Yaesoubi, Reza; You, Shiying; Xi, Qin; Menzies, Nicolas A; Tuite, Ashleigh; Grad, Yonatan H; Salomon, Joshua A.
  • Yaesoubi R; Department of Health Policy and Management, Yale School of Public Health, 350 George Street, Room 308, New Haven, CT, 06510, USA. reza.yaesoubi@yale.edu.
  • You S; Public Health Modeling Unit, Yale School of Public Health, New Haven, CT, USA. reza.yaesoubi@yale.edu.
  • Xi Q; Department of Health Policy and Management, Yale School of Public Health, 350 George Street, Room 308, New Haven, CT, 06510, USA.
  • Menzies NA; Public Health Modeling Unit, Yale School of Public Health, New Haven, CT, USA.
  • Tuite A; Department of Health Policy and Management, Yale School of Public Health, 350 George Street, Room 308, New Haven, CT, 06510, USA.
  • Grad YH; Department of Global Health, Harvard T.H. Chan School of Public Health, Boston, MA, USA.
  • Salomon JA; Epidemiology Division, University of Toronto Dalla Lana School of Public Health, Toronto, Ontario, Canada.
Health Care Manag Sci ; 26(2): 301-312, 2023 Jun.
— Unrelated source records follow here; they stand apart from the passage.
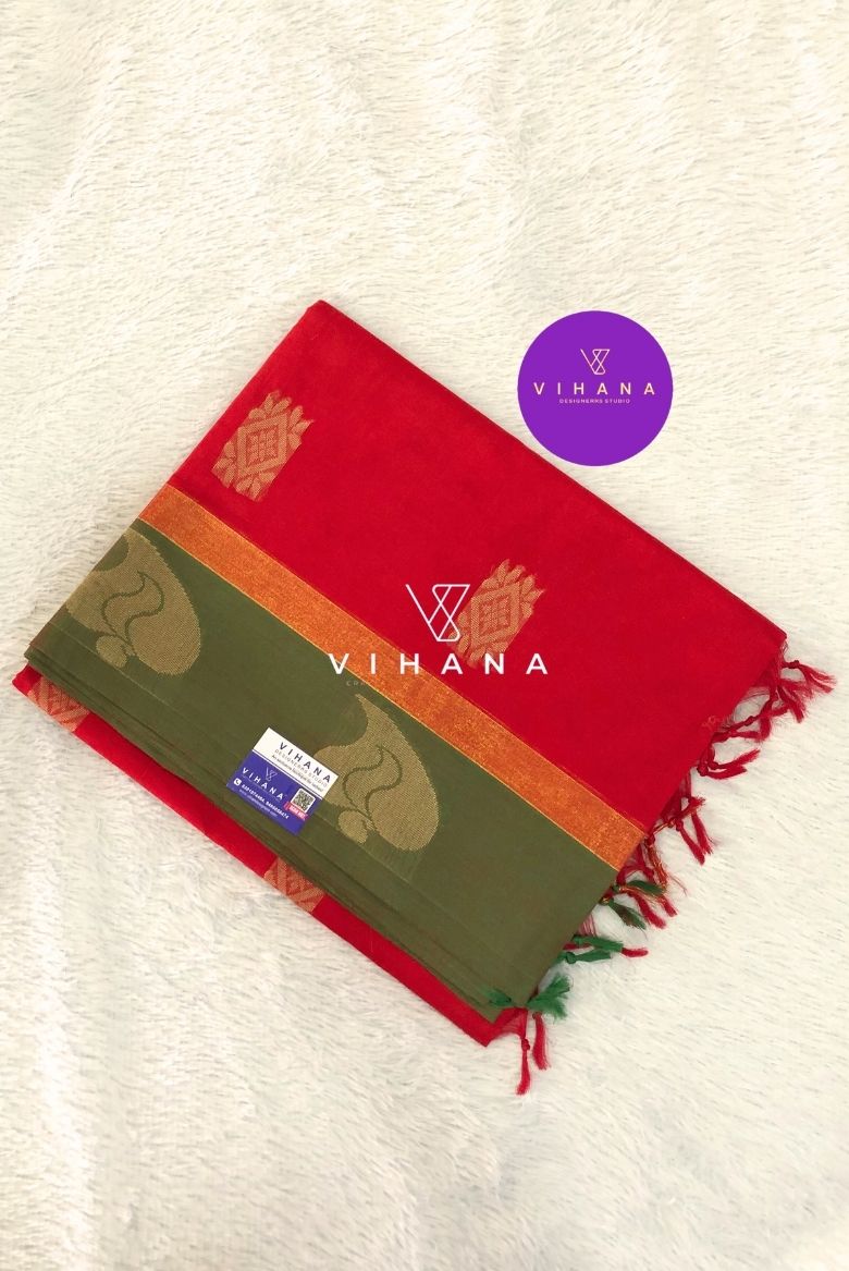 Pinkish Red Pure Handloom Soft Cotton Saree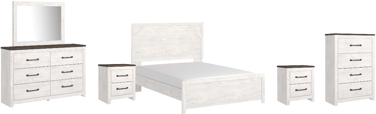 Includes queen panel bed (headboard, footboard and rails), 6-drawer dresser with mirror, 4-drawer chest and two 2-drawer nightstands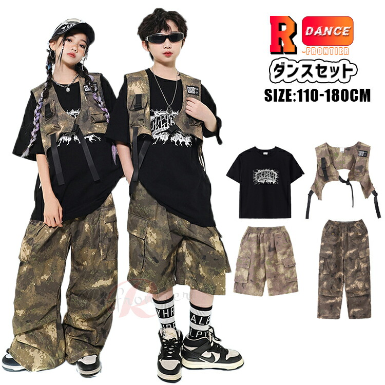 ダンス衣装 キッズ パンツ キッズ カーゴパンツ 迷彩 ベスト 半ズボン ダンスセット ジャズ ダンス衣装 女の子 110 120 130 140 150 160 170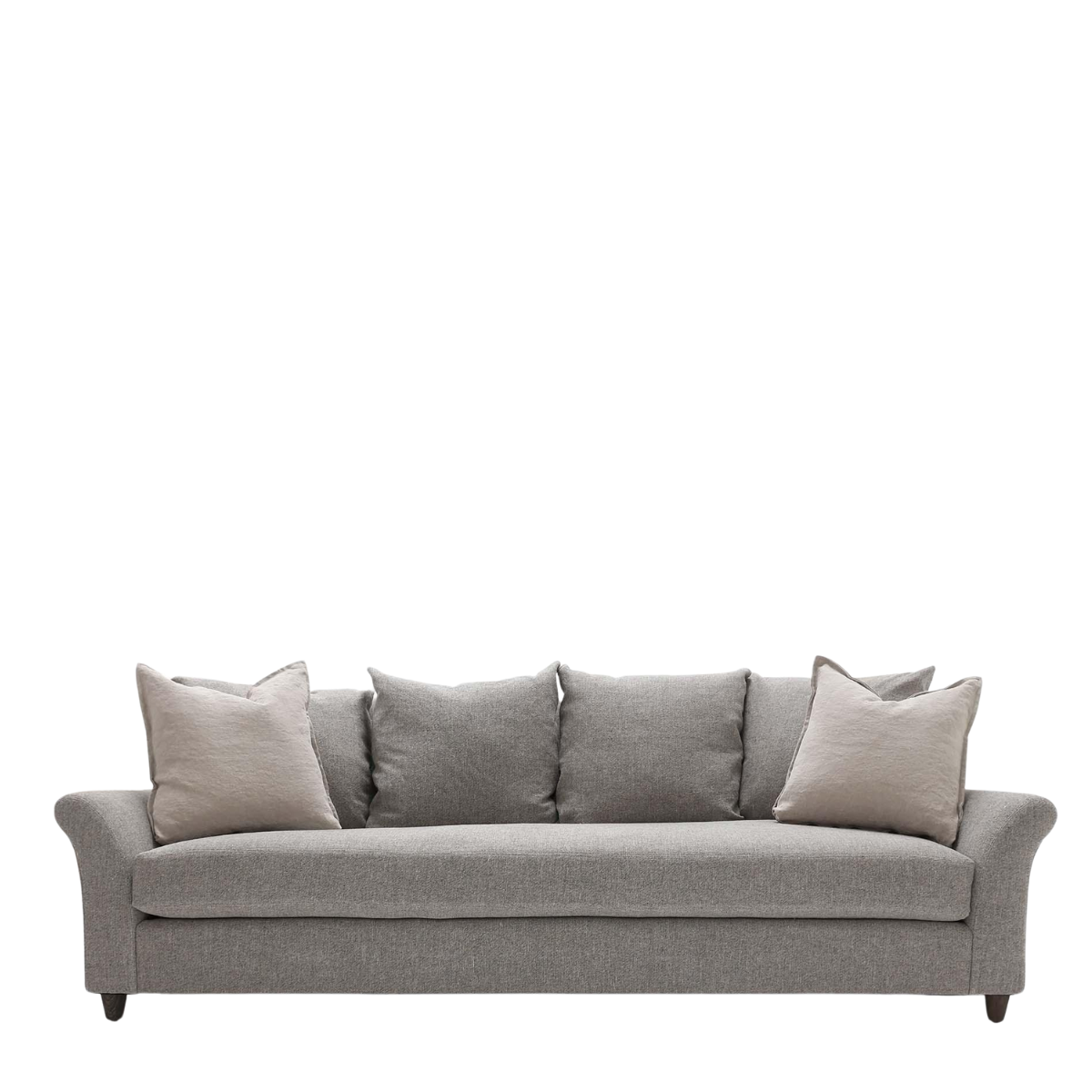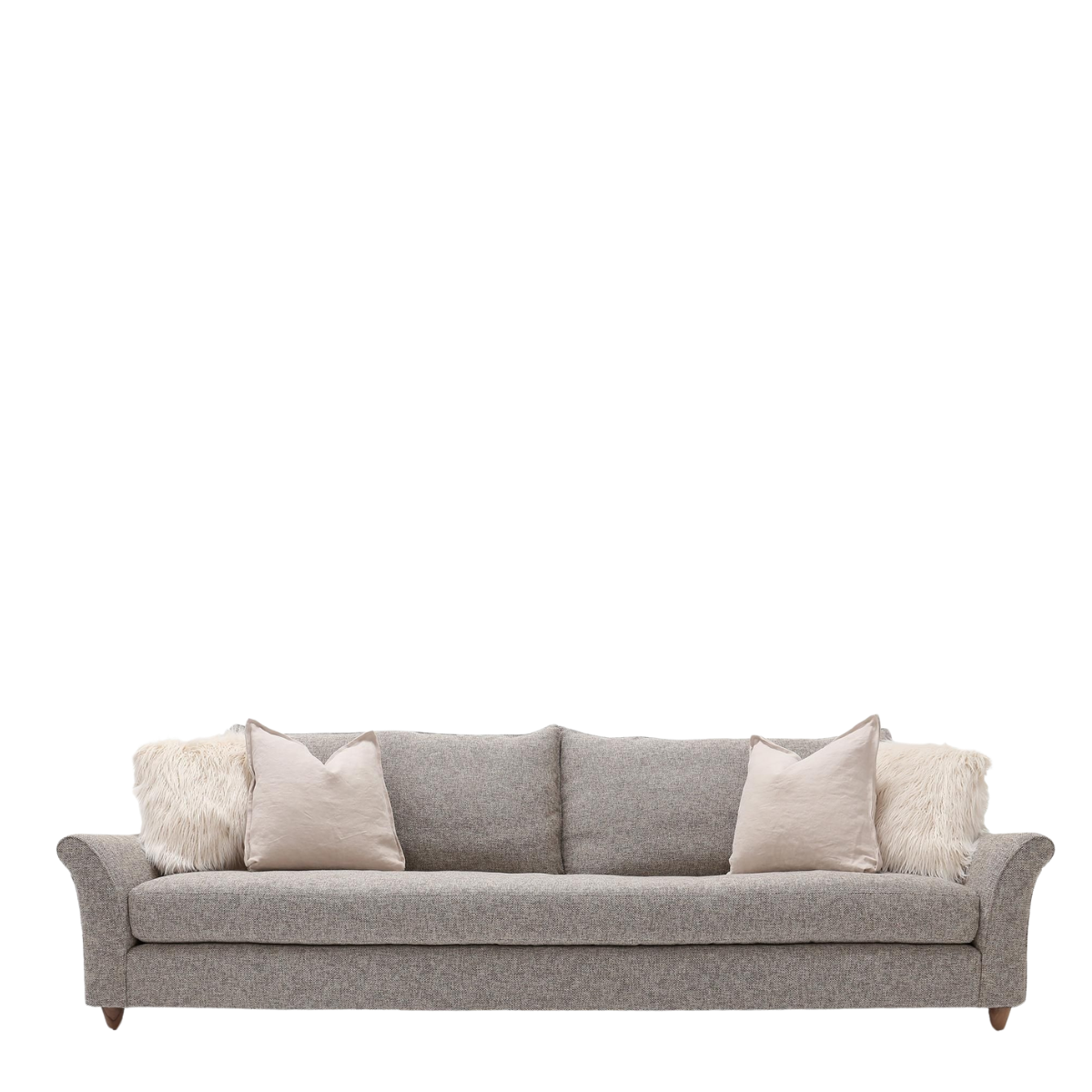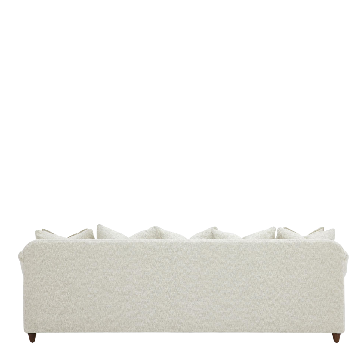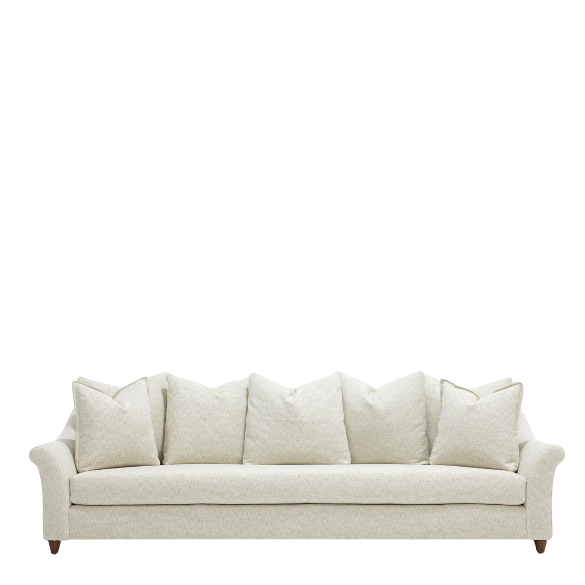 The Camille sofa line showcases a series of graceful curves for a sleek, sculptural look, complemented by modern wood legs for an added touch of elegance.

Article in English | MEDLINE | ID: covidwho-2209415
ABSTRACT
Low rates of vaccination, emergence of novel variants of SARS-CoV-2, and increasing transmission relating to seasonal changes and relaxation of mitigation measures leave many US communities at risk for surges of COVID-19 that might strain hospital capacity, as in previous waves. The trajectories of COVID-19 hospitalizations differ across communities depending on their age distributions, vaccination coverage, cumulative incidence, and adoption of risk mitigating behaviors. Yet, existing predictive models of COVID-19 hospitalizations are almost exclusively focused on national- and state-level predictions. This leaves local policymakers in urgent need of tools that can provide early warnings about the possibility that COVID-19 hospitalizations may rise to levels that exceed local capacity. In this work, we develop a framework to generate simple classification rules to predict whether COVID-19 hospitalization will exceed the local hospitalization capacity within a 4- or 8-week period if no additional mitigating strategies are implemented during this time. This framework uses a simulation model of SARS-CoV-2 transmission and COVID-19 hospitalizations in the US to train classification decision trees that are robust to changes in the data-generating process and future uncertainties. These generated classification rules use real-time data related to hospital occupancy and new hospitalizations associated with COVID-19, and when available, genomic surveillance of SARS-CoV-2. We show that these classification rules present reasonable accuracy, sensitivity, and specificity (all ≥ 80%) in predicting local surges in hospitalizations under numerous simulated scenarios, which capture substantial uncertainties over the future trajectories of COVID-19. Our proposed classification rules are simple, visual, and straightforward to use in practice by local decision makers without the need to perform numerical computations.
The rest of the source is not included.